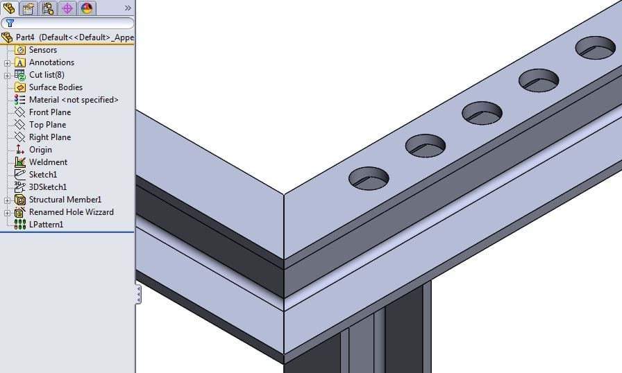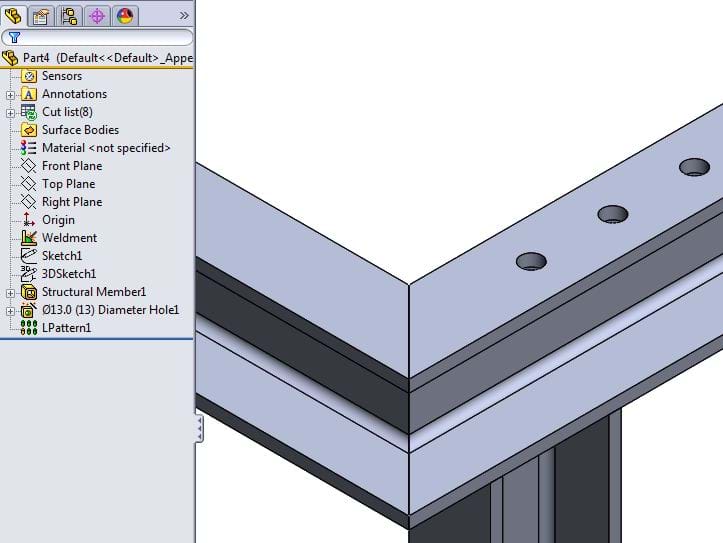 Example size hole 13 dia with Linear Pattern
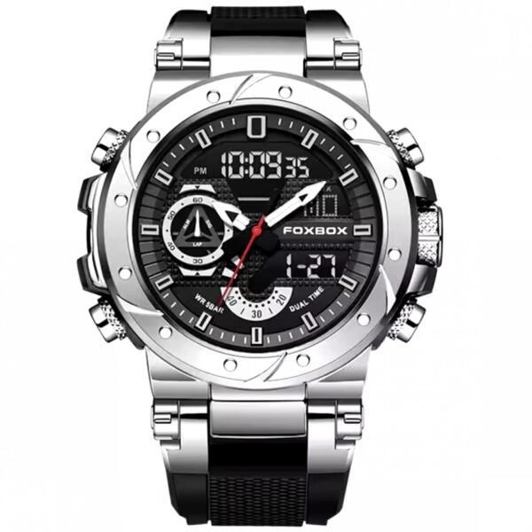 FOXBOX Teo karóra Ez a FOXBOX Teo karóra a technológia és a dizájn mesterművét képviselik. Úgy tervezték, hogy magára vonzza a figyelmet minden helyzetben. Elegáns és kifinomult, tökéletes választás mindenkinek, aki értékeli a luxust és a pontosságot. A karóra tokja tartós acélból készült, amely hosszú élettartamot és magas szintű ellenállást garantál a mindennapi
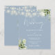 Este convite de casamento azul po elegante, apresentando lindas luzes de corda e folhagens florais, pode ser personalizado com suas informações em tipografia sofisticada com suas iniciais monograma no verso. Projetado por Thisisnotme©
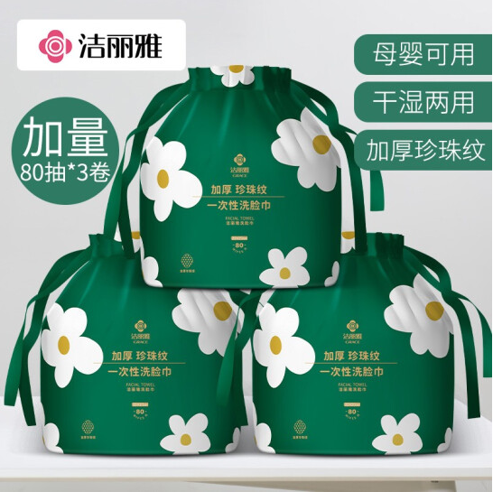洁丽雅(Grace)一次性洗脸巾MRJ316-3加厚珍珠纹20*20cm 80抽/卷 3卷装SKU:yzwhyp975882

What the exercise asks – Leave out every picture and write out exactly the lines running from the line containing "Este convite de" to the end of the listing above.

Your solution –
 Este convite de casamento azul po elegante, apresentando lindas luzes de corda e folhagens florais, pode ser personalizado com suas informações em tipografia sofisticada com suas iniciais monograma no verso. Projetado por Thisisnotme©
洁丽雅(Grace)一次性洗脸巾MRJ316-3加厚珍珠纹20*20cm 80抽/卷 3卷装SKU:yzwhyp975882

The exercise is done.